Wednesday, February 05, 2014
Grant Wood, Regionalism and my kitchen wall
Grant Wood, best known for his iconic American Gothic, lived and worked most of his life in and around my home town: Cedar Rapids, Iowa. His legacy in the area—in addition to an exhaustive collection of his work in the Cedar Rapids Museum of Art permanent collection—includes an annual art festival, a grade school (my alma mater!) and even the entire region’s public education agency—all in his name.
Of course, no Cedar Rapids student’s education is complete without thorough coverage of Wood’s stylized, iconoclastic, humorous and sometimes political oeuvre. And this Cedar Rapids student came away with a lifelong love of his work.
Grant Wood was a pioneer in a loosely coordinated artistic movement called Regionalism, which eschewed modernist, abstract trends like Impressionism and Cubism in favor of stylistic, romanticized views of everyday rural life in the 1930s. The Regionalists were less concerned with promoting the leftist politics of 1930s Social Realists than with renouncing the hegemony of popular European culture and celebrating the honest work ethic and modest demeanor of the Midwest.
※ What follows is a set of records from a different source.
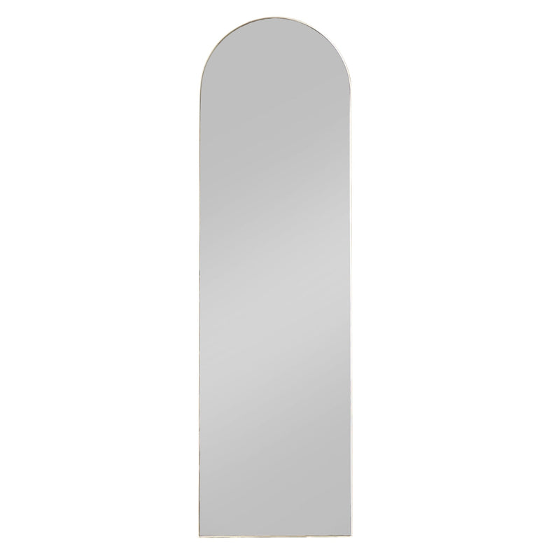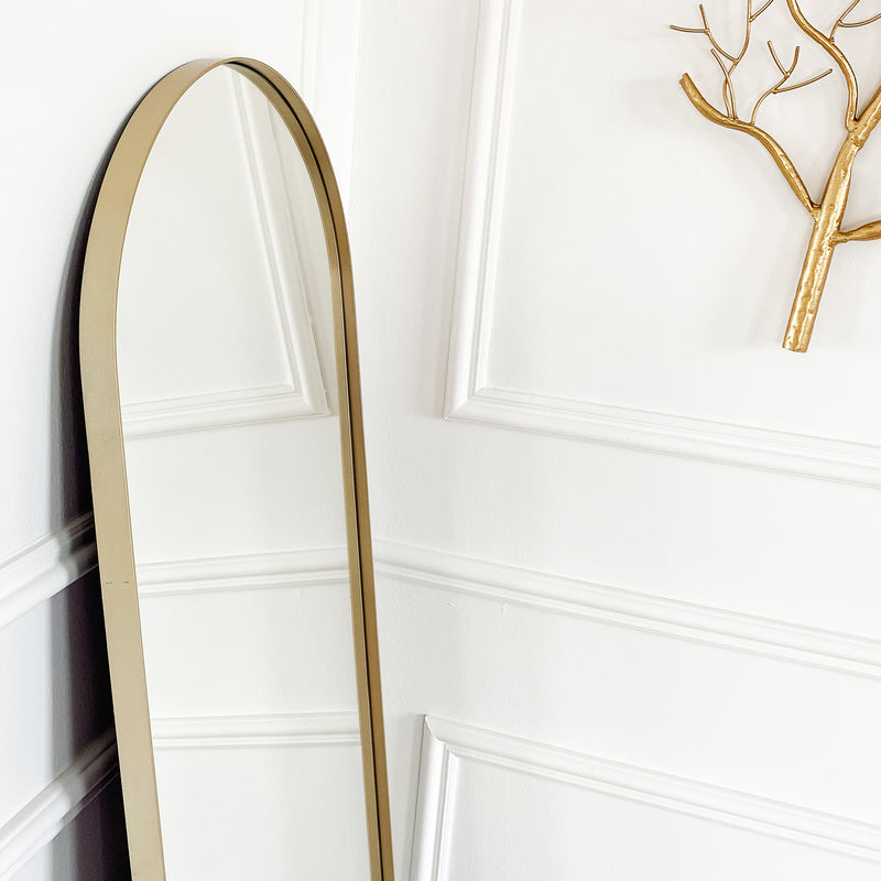 This champagne arched leaner mirror will add glamour and style to a variety of spaces. Perfect for the illusion of space, this full-length, floor standing piece features and on trend, curved design and striking minimalistic metal frame.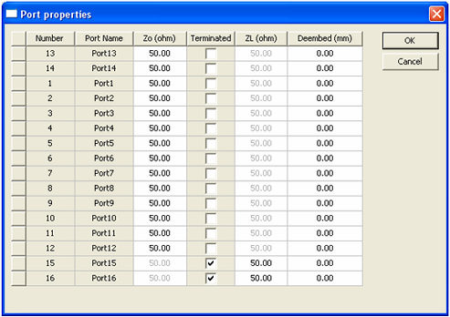 Network Data Explorer > Changing Port Properties and Reducing Matrix SizeAccess the Port Properties dialog through the Edit Port Properties option on the Edit menu. The normalization impedance, termination, port order, gamma values, and de-embedding distance may all be edited through this dialog.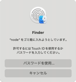 「/usr/local/lib/node_modules」を「rm -rf」のコマンドで一気に削除した場合、この章で書いていることの対応は不要になりますが、参考までに、Finderで削除してどのような事態になったのかを記載しておきます。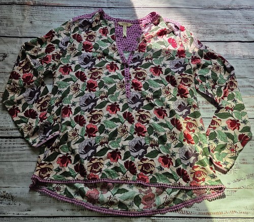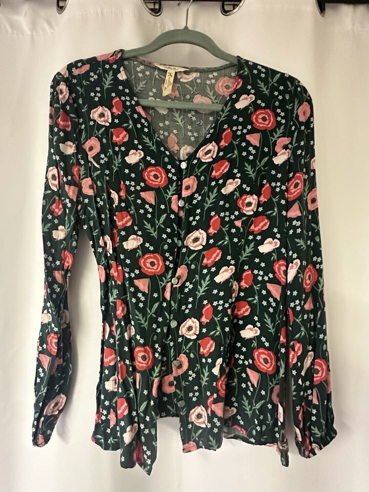Matilda Jane Womens Medium Yesteryear Button Blouse Poppies Floral Lightweight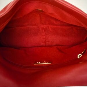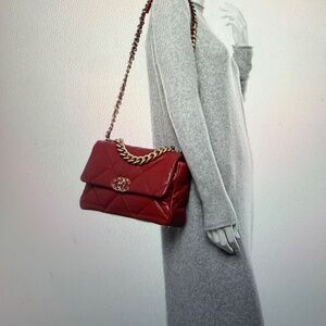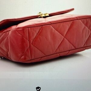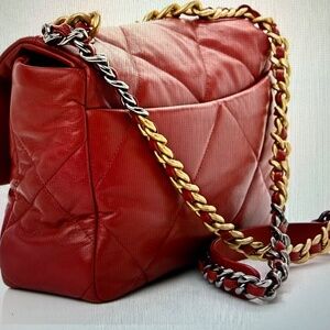 authentic Chanel Lambskin Quilted Large Chanel 19 Flap in burgundy. This stylish shoulder bag is crafted of diamond quilted Lambskin leather in burgundy.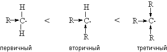 Состав продуктов замещения определяется относительной скоростью конкурирующих реакций, которая зависит от относительной реакционной способности связей С-Н (фактор реакционной способности) и от количества связей С-Н определенного сорта (статистический фактор). Установлено, что энергия разрыва связи С-Н уменьшается в ряду: перв -С-Н > втор -C-Н > трет- С-Н Этот ряд соответствует ряду относительной стабильности алкильных радикалов: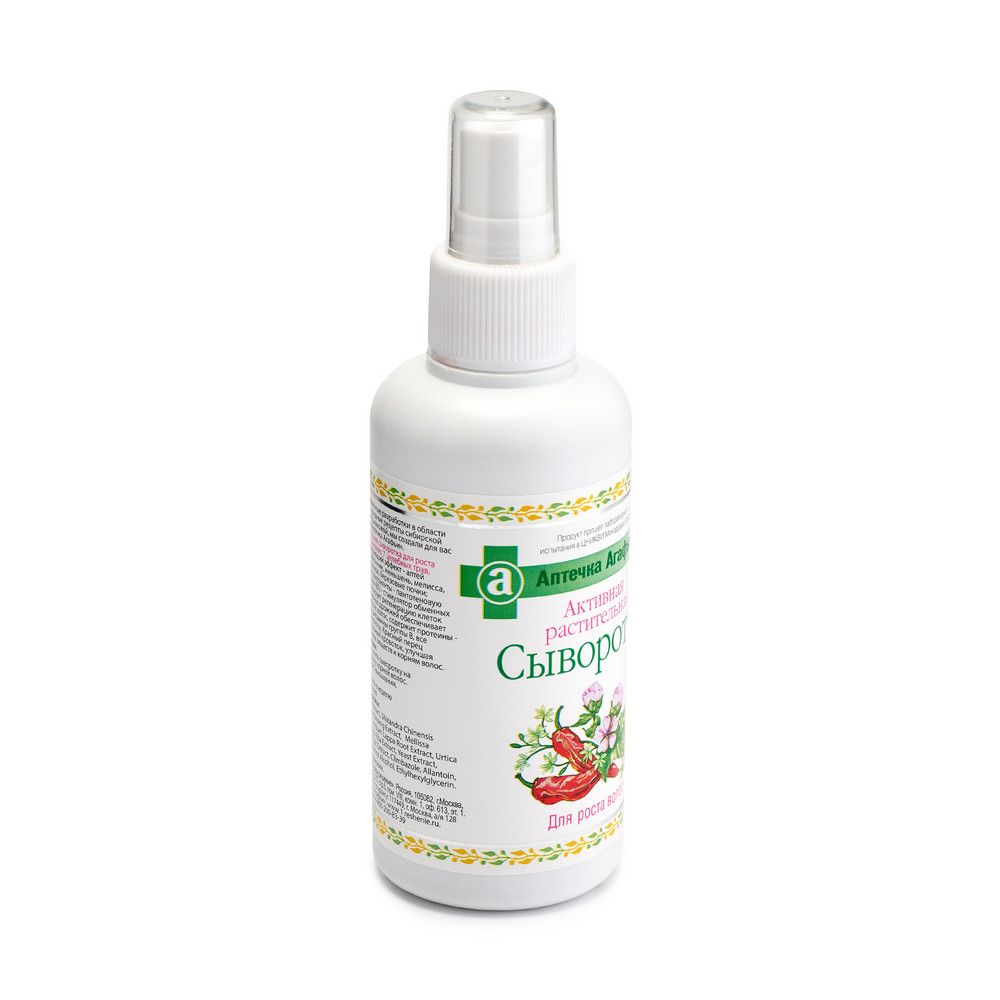 Активная растительная сыворотка для роста волос содержит комплекс 7 целебных трав, имеющий стимулирующий эффект – алтей лекарственный, лимонник, женьшень, мелисса, корень лопуха, крапива, березовые почки; а также активные компоненты - пантотеновую кислоту (провитамин В5) - стимулятор обменных процессов. Активизирует регенерацию клеток кожи.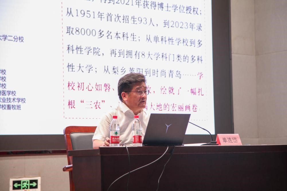 单连岱对2023级新同学的到来表示热烈欢迎和衷心祝贺,他以《不负青春韶华,勇担时代重任》为题,以“何为大学、大学大在何处、为什么上大学”为切入点,对两学院新同学提出殷切期望。他希望同学们深入学习贯彻习近平新时代中国特色社会主义思想和党的二十大精神,学习贯彻习近平总书记给全国涉农高校书记校长和专家代表的重要回信精神和给中国农业大学科技小院同学们的回信精神,践行“矢志三农、艰苦奋斗、开放包容、追求卓越”的青农精神,努力成长为德智体美劳全面发展的社会主义建设者和接班人,为推进乡村振兴、加快农业农村现代化做出应有贡献。
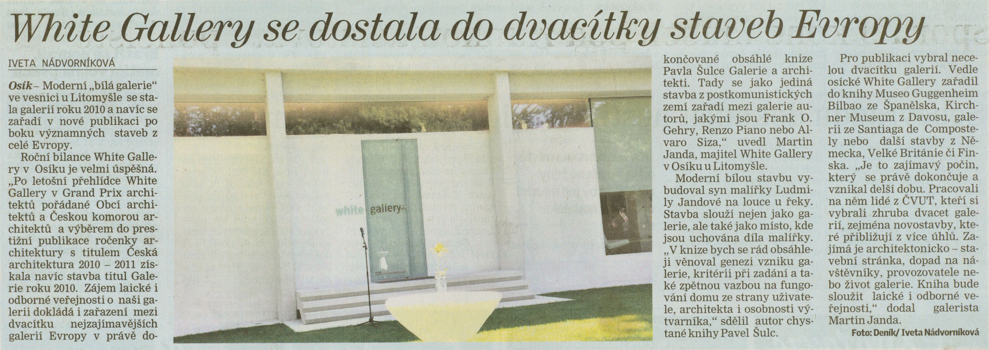 White Gallery se dostala do dvacítky staveb Evropy, SVITAVSKÝ DENÍK 22. 7. 2011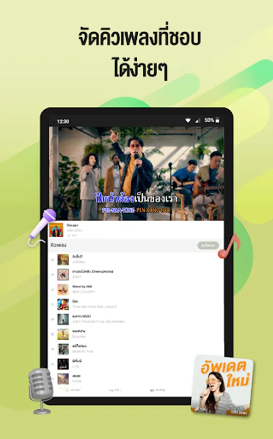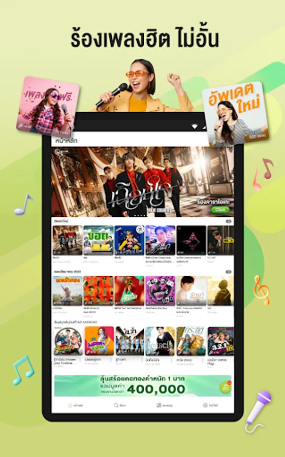 * ร้องเพลงฮิตทั้งเก่าและใหม่ที่ร้องกันได้แบบไม่จำกัดครอบคลุมเพลงหลายประเภท เพื่อค้นหาเพลงที่ร้องโดยศิลปินคนโปรดของคุณ ด้วยระบบค้นหาเพลงเพื่อช่วยคุณในการค้นหาเพลงคาราโอเกะสุดโปรดได้ง่ายๆ

In 1928, Wood received a commission to create a giant stained-glass window for the American Legion in Cedar Rapids. In preparation, he traveled to Munich to study ancient stained-glass techniques under Germany’s famed master craftsmen. The window he created, featuring a 16-foot Lady of Peace standing over six life-size soldiers representing the Revolutionary War through World War I, was a masterpiece of technique, form and color.
Fun fact: The model for the central figure was his sister, Nan Wood Graham, who was also the model for the female figure in American Gothic.
Despite the window's unmistakable American themes, it drew fire from misguided patriots who criticized Wood for studying with the Germans—the enemy!—so soon after the first World War. One of the most vocal groups was the local chapter of Daughters of the American Revolution.
Wood’s elegant response: Daughters of Revolution, a satirical painting showing three dour spinstresses standing self-righteously—one, pinky extended in haughty indignation, holding a teacup in my grandmother’s china pattern—in front of Emmanuel Leutz’s famous Washington Crossing the Delaware.
Wood’s point, lost completely on the knee-jerk reactionaries the painting so elegantly mocked, lies in the fact that Washington Crossing the Delaware—that beloved icon of American patriotism—was painted by a German.
I loved this painting before I even knew its story. The smug women drew me in because their spiritual progeny hung just a few branches over on my family tree. The Blue Willow teacup fascinated me because its cousins served as my grandmother’s everyday dishes. (Have you ever eaten green Jell-O off a blue plate? NOT so appetizing.) And that shape—that relentless horizontalness—made the painting such a challenge to display in any setting.
But I've accepted that challenge. Gladly. And my very own Daughters of Revolution print today occupies the place of honor over my collection of Norwegian family artifacts in my kitchen.